**Task requirements**
Make an exact copy of all the entries below, with the pictures left out.

Saved entries:

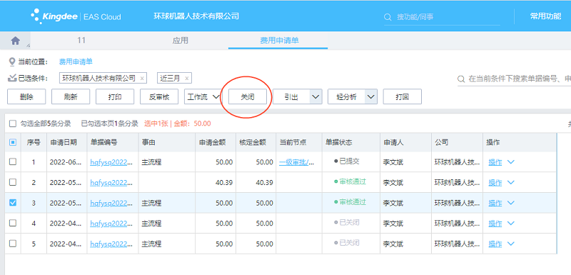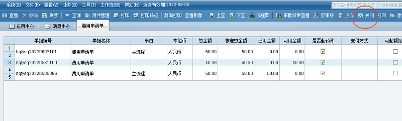 财务在EAS Cloud网页端/客户端费用申请单序时簿选中需要关闭的费用申请单,点【关闭】按钮,费用申请单是否关闭成功会有相应的提示。
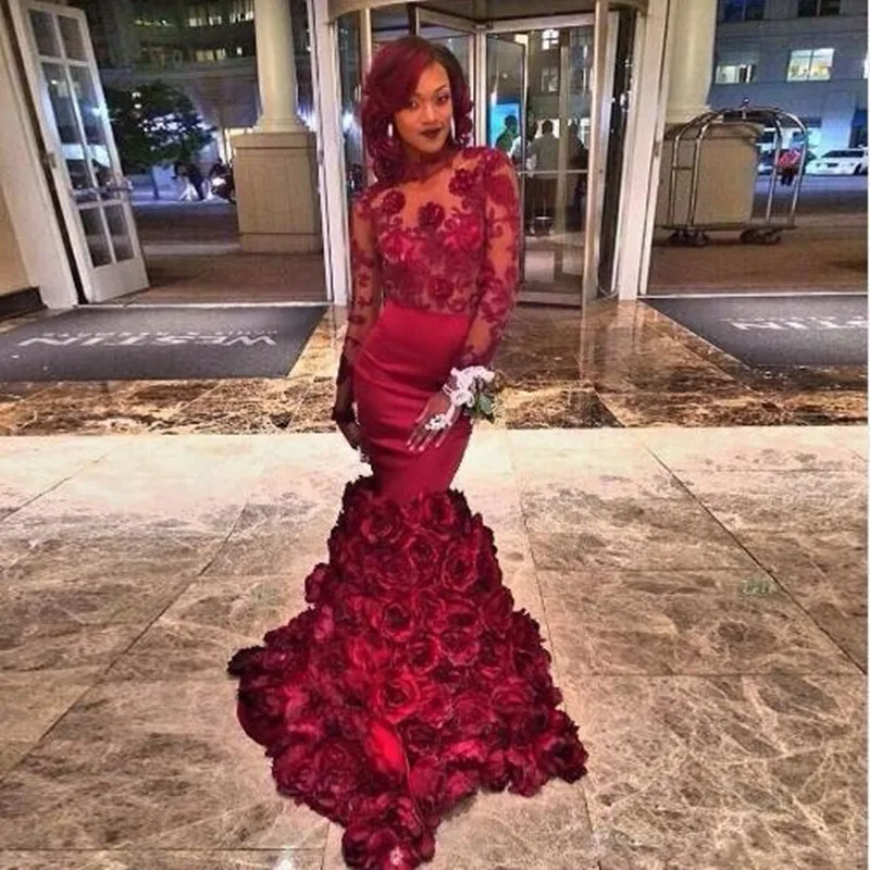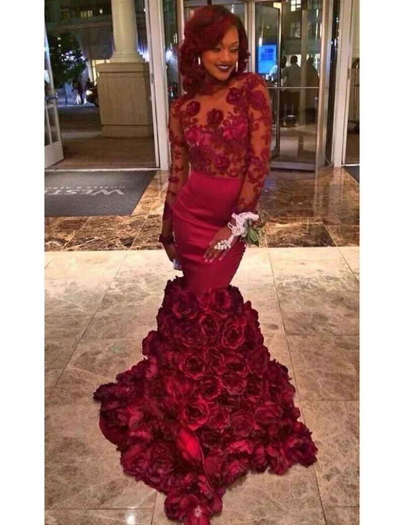 Mermaid Lace Appliques Burgundy Prom Dress Long Sleeves Prom
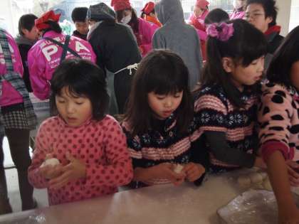 おもちを丸めて,その中に上手にあんこを入れるのはなかなかのテクニックがいりそうですよ。
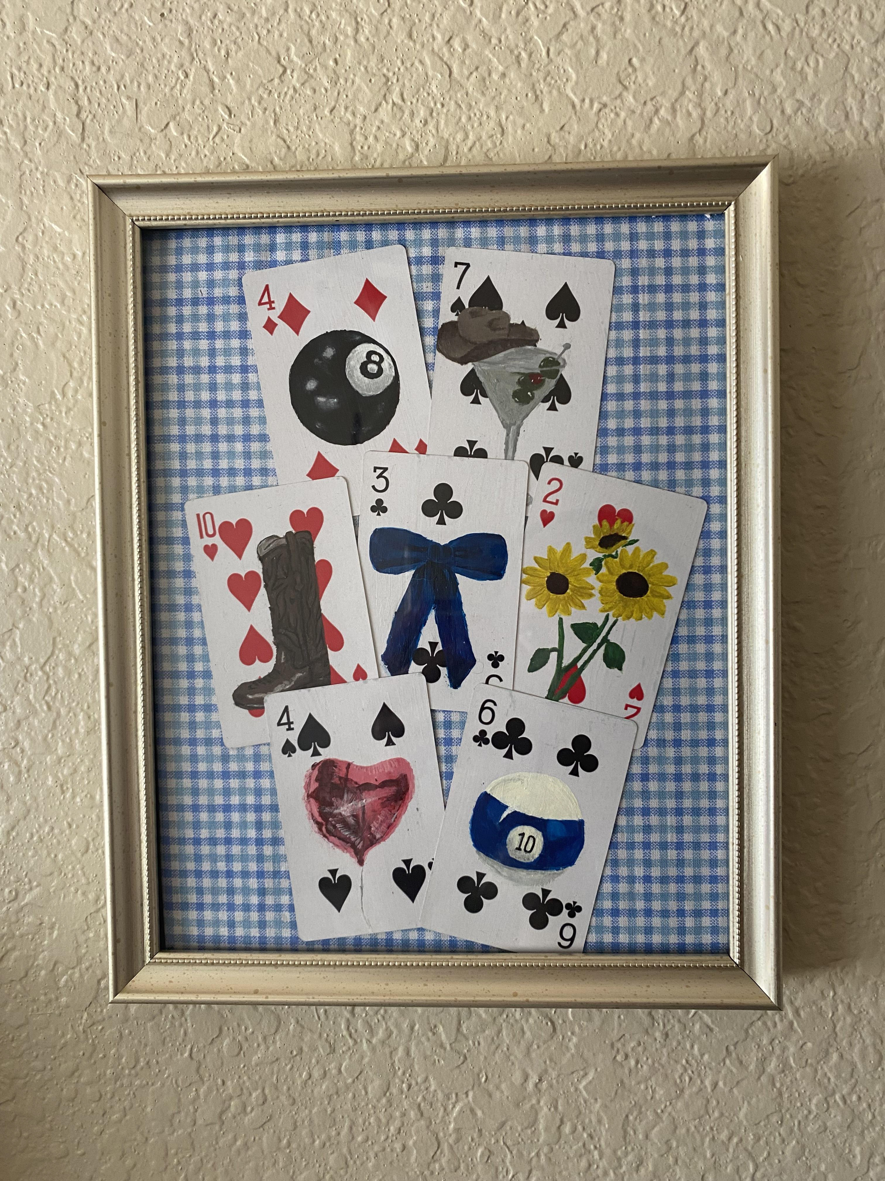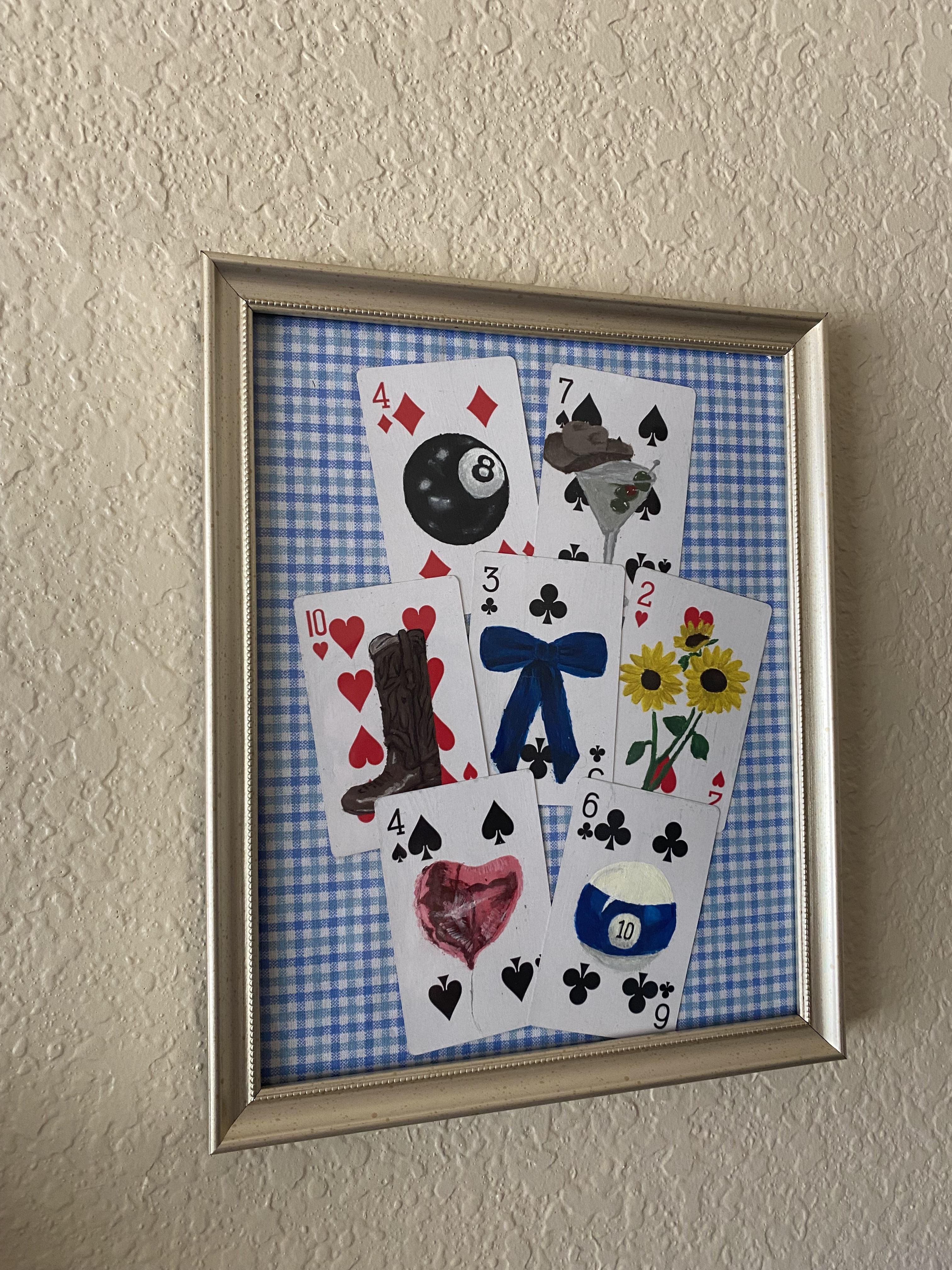Playing Card Painting Series Collection, 2024, framed with fabric backing, 8 x 10 in
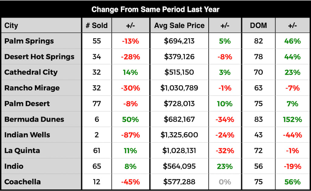 The Number of Days on the Market Increased for all cities in the Coachella Valley Except Rancho Mirage (-7%), Indian Wells (-44%), La Quinta (-1%), and Indio (-19%).
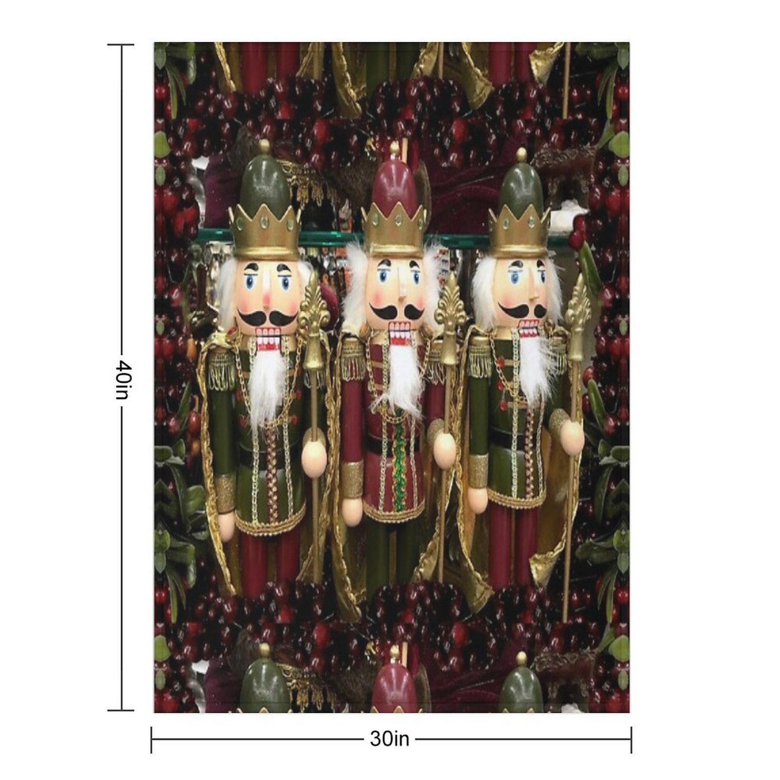 Christmas Nutcracker Trio Blanket Size Chart:

**Exercise output**
 财务在EAS Cloud网页端/客户端费用申请单序时簿选中需要关闭的费用申请单,点【关闭】按钮,费用申请单是否关闭成功会有相应的提示。
 Mermaid Lace Appliques Burgundy Prom Dress Long Sleeves Prom
 おもちを丸めて,その中に上手にあんこを入れるのはなかなかのテクニックがいりそうですよ。
Playing Card Painting Series Collection, 2024, framed with fabric backing, 8 x 10 in
 The Number of Days on the Market Increased for all cities in the Coachella Valley Except Rancho Mirage (-7%), Indian Wells (-44%), La Quinta (-1%), and Indio (-19%).
 Christmas Nutcracker Trio Blanket Size Chart:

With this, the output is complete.